What you have to do:
Instruction for the entries below: return the part that opens with the line containing "走進(jìn)茶園里,看到數" and closes with the line containing "Just for good", exactly, and no pictures.

Given data:
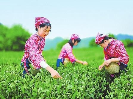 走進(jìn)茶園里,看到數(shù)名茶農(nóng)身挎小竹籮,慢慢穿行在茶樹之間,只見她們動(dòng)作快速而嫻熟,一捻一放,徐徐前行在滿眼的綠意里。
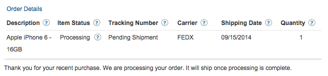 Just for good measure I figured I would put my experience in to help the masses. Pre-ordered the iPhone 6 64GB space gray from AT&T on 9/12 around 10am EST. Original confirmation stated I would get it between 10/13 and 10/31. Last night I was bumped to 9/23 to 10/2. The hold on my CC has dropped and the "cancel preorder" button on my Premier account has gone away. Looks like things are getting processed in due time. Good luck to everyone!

* * *

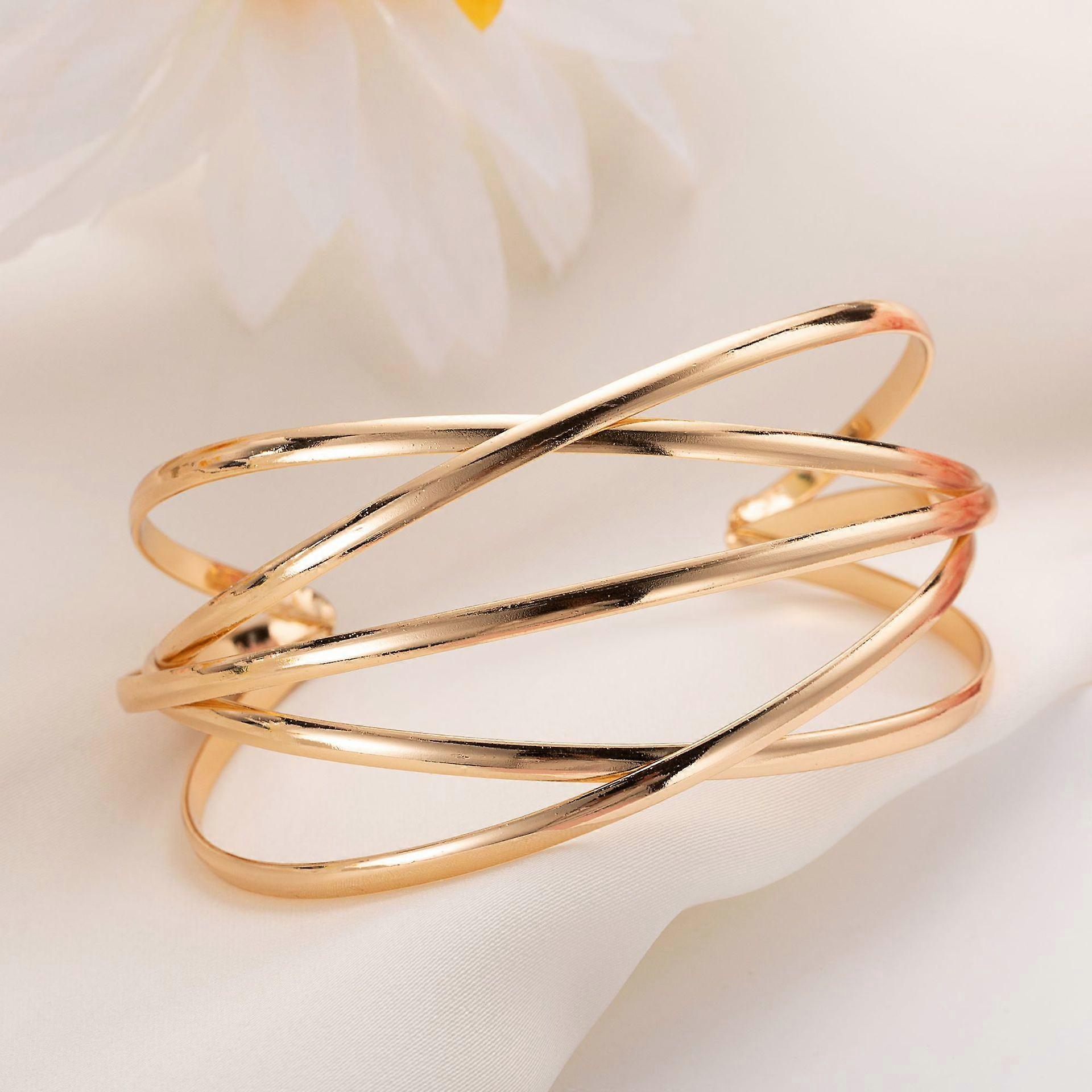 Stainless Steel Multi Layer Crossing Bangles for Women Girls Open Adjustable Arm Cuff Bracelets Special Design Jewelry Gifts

Answer for the task:
 走進(jìn)茶園里,看到數(shù)名茶農(nóng)身挎小竹籮,慢慢穿行在茶樹之間,只見她們動(dòng)作快速而嫻熟,一捻一放,徐徐前行在滿眼的綠意里。
 Just for good measure I figured I would put my experience in to help the masses. Pre-ordered the iPhone 6 64GB space gray from AT&T on 9/12 around 10am EST. Original confirmation stated I would get it between 10/13 and 10/31. Last night I was bumped to 9/23 to 10/2. The hold on my CC has dropped and the "cancel preorder" button on my Premier account has gone away. Looks like things are getting processed in due time. Good luck to everyone!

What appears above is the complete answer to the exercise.